Вот это твоё задорное «потомучто!», не разделённое пространством для возможности обдумать ответ, я вспоминаю еже…
— Ежегодно?
— Ежеминутно! Оно полно надежд, это словечко. Упований на то, что всё будет, и это «всё» окажется непременно добрым, хорошим, уютным… Как твой взгляд в никуда в минуты страданий и боли… Как мне хотелось обнять тебя тогда, до хруста, дабы раздавить то, что снедает и не даёт жить дальше.
Мы редко видимся. Реже, чем хочется. Не так часто, как могли бы. Бесшабашность и наивность, неискушённость юности, что позволяла быть вместе вне обстоятельств реальных или поджидающих на каждом шагу искушений и сторонних лукавств, истощилась. А по нашей вине или по причине извне… Какая разница.
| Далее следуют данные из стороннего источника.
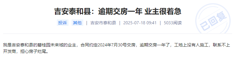 我是吉安泰和县的碧桂园未来城的业主,合同约定2024年7月30号交房,逾期交房一年了,工地上没有人施工,联系不上开发商,担心房子烂尾。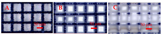 The laser parameters, such as wavelength, power, pulse width, repetition rate, the overlap between laser scan lines, and scan speed, could be used to optimize the microlens performance. The fused silica is transparent in the visible and near-infrared wavelengths, so we have used an ultraviolet laser of 355 nm wavelength for our investigations. Laser wavelengths of 1030 and 1064 nm have been reported for the fabrication of microlenses, where absorption could occur through two-photon absorption. A laser pulse width of 10 picoseconds was used for the micromachining of lines to minimize any thermal damage to the fused silica, and melting was achieved by a CW CO2 laser. In the literature, the use of femtosecond, picosecond, and nanosecond lasers for microlens fabrication has been reported, and a shorter laser pulse width minimizes heat generation. For the melt reshaping of fused silica, a CO2 laser has been the most common tool. The CO2 laser power needs to be optimized, as too low a laser power will limit the melting depth and curvature, while too high a power will cause the spreading of the melt, as shown in Figure 17. Table 2 shows the optimized parameters used in this study. After CO2 laser melting at 25.2 kW/cm2, 46 kW/cm2, and 61 kW/cm2, we measured the focal lengths of 339.6 µm, 344.91 µm, and 425.1 µm, respectively.

Знаешь, Надежда, я скучаю по тому мигу, когда мы одновременно, не сговариваясь, огляделись по сторонам и поклонились узким, мягким из-за ковра ступеням музея. Не из почтительности или благоговения. Просто сильно болела спина…
Я тоскую по тебе, Надежда, и по нашим общим надеждам, которые, увы, так и не сбылись.
Осеннее
Осень вдумчиво и неспешно прибирала округу, приготовляя её ко сну. Неслышной поступью ступала она по зелёным тротуарам, шёпотом, не допускающим перечить, приказывала ветру, — где и чем замостить, что оставить так, как есть, на откуп зиме.
По обыкновению всякого благоразумного, осторожного и умудрённого опытом, коих часто кличут с некоторой долей зависти и досады «себе на уме», ибо не каждому дано, осень распоряжалась так, как умела она одна, и лишь тем, что знала. А за большее не бралась.